Chasser les animaux jusqu’au dernier

Visiter les animaux disparus

Qui sont juste là mais ne sont juste plus

 

Volée de toucans

quand tout fout le camp

Partout qu’en dira-t-on ?

Surtout qu’en rira-t-on ?

 

Être bloqué-e dans une idée de croissance qui épuise

Présences qui s’amenuisent jours et nuits

Croire en le croître

un progrès sans changement

sans mouvement intérieur

 

Et c’est bien à l’intérieur

que tout se passe

En nous, entre nous, et ici

Le temps se vide, la lune est pleine

 

La fin du rituel appelle à ce que je vous révèle

enfin, vous projeter dans cette fin tant redoutée…

 

Solennel-le, entouré-e-s de silence et de morts

je vais vous confier que…

si l’on pense qu’ici qu’il n’y a plus de vie, on s’est mépris,

car depuis longtemps déjà des bêtes font leurs nids,

se réchauffent dans les entrailles des autres, dans les ex-peau s’abritent.

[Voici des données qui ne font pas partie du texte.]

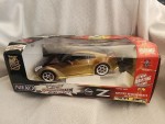 schwarze, nicht durchsichtige Scheiben, Kühlergrill, aufgesetzter Heckspoiler und Rückspiegel an der A-Säule angebracht. Frontspoiler, Schweller und Heckdiffusor in Wagenfarbe. Chromtürgriffe und Auspuffendrohre. Zu öffnende Motorhaube mit Motorapplikation. Auf den Seiten goldene Air-Brush Streifen. Detaillierte Embleme. Beleuchtete Glas-Scheinwerfer und kolorierte Rücklichter. Batteriebetriebenes Funkfernsteuer Auto in der Nismo Variante und in der 27 MHz Konfiguration mit lenkbaren Vorderrädern. Chrom-6-Steg-Felgen mit Profilgummi-Reifen. Fahrzeug aus der Fast & Furious Serie

Si l’on tend l’oreille on entend craquements et choses qui remuent subrepticement

On ne peut chasser la vie. Elle se réinvite, elle se réinvente à chaque fois qu’on la chasse

Depuis des jours, des semaines, des mois,

des vers poétiques ont élu domicile dans ces animaux immobiles

On ne peut figer la vie, elle suit son cours, elle bruisse, elle remuera toujours là et ici

On ne peut briser les cycles

La poésie est salutaire

Depuis les premières lunes sur terre

rien ne se crée, tout se transforme, rien ne se perd

et bientôt, dans des légers craquements,

les peaux cousues s’ouvriront pour laisser sortir la vie nue comme un vers

Bientôt les mots tus sous les peaux cousus se libèrent

et la vie mue comme un ver

 

L’hiver couve la vie,

sous le trou blanc, le vert

se découvre

Invoquer le printemps

Inviter les primevères

Composter les expériences fanées, les amours transies moisies, les espoirs en décomposition,

les révoltes tuées dans l’œuf, les angoisses et ce qui nous fige

Iels se fondent sans se confondre, se refondent dans la chaleur qui abritent les graines

 

Vient alors la fin du rituel

Aujourd’hui plus que jamais qu’on se rappelle

que les apparences sont trompeuses et qu’en figeant

on n’empêche jamais le renouvellement

Sous d’autres formes ou dans des échos,

les mutations se repoussent mais poussent inévitablement.